The process of linking your ORCID profile is straightforward; see this documentation article for instructions. Keep an eye on this feature as we plan to enhance our integration with ORCID to offer more ways to share your workflow contributions with the research community.
Integrating development, deployment and publication
From a functional standpoint, we also want to make it easy for contributors to keep their content up to date with minimal manual intervention.
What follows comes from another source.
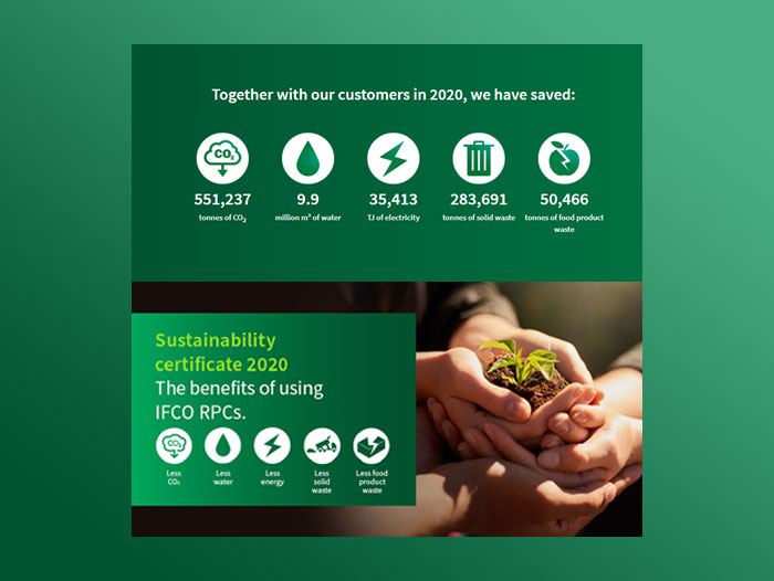 As the use of RPCs makes a meaningful contribution to environmental protection, IFCO shares these achievements with its customers by presenting the Sustainability Certificate to them since 2018 for their efforts in the year before. Each retailer and grower customer will receive a certificate highlighting the amount of carbon dioxide, water, energy, solid waste, and food waste avoided by utilizing IFCO RPCs in its supply chain. These savings are based on IFCO’s energy and resource savings estimate1 2 3.

To that end, we recently published a Github App that enables developers who use Github to set up their code repository to automatically sync with Dockstore. The process involves doing a one-time registration step per repository or organization, described here, and adding a short .yml configuration file to your Github repository, listing the workflow(s) that should be synced. Note that this can be used to register workflows in Dockstore in the first place, bypassing the “normal” manual workflow registration process.
When your content on Dockstore is ready for an official release, you can create an immutable “snapshot” version of your workflow and request a Digital Object Identifier (DOI) for it through Zenodo, so that others can cite it in their own work.
Screenshot of an example workflow’s version management page showing the snapshot creation and DOI request action links.
You can find detailed instructions on creating the snapshot and DOI in the Dockstore documentation.
A video playlist to learn more about how to use Dockstore to the fullest
Finally, if you’re just getting started and all this sounds lovely, but you’re not sure how to get started with Dockstore, check out our new video series on YouTube. It was originally a full end-to-end online workshop that we recorded, which had the advantage of covering all the topics you’re likely to want to learn as a newcomer with the platform in a well-ordered progression, but at a runtime of over 2 hours it was daunting and impractical for most viewers. So we cut it up into a playlist of short digestible segments that maintains the original continuity yet is a lot easier to tackle by increments, and also allows you to jump to specific topics much more conveniently.
I hope this will help you take full advantage of Dockstore’s latest improvements, and I look forward to following up on this to announce other enhancements to the platform that are currently in progress.
For a short review of how to import a workflow from Dockstore starting from within a Terra workspace, see this video, starting at 2:11.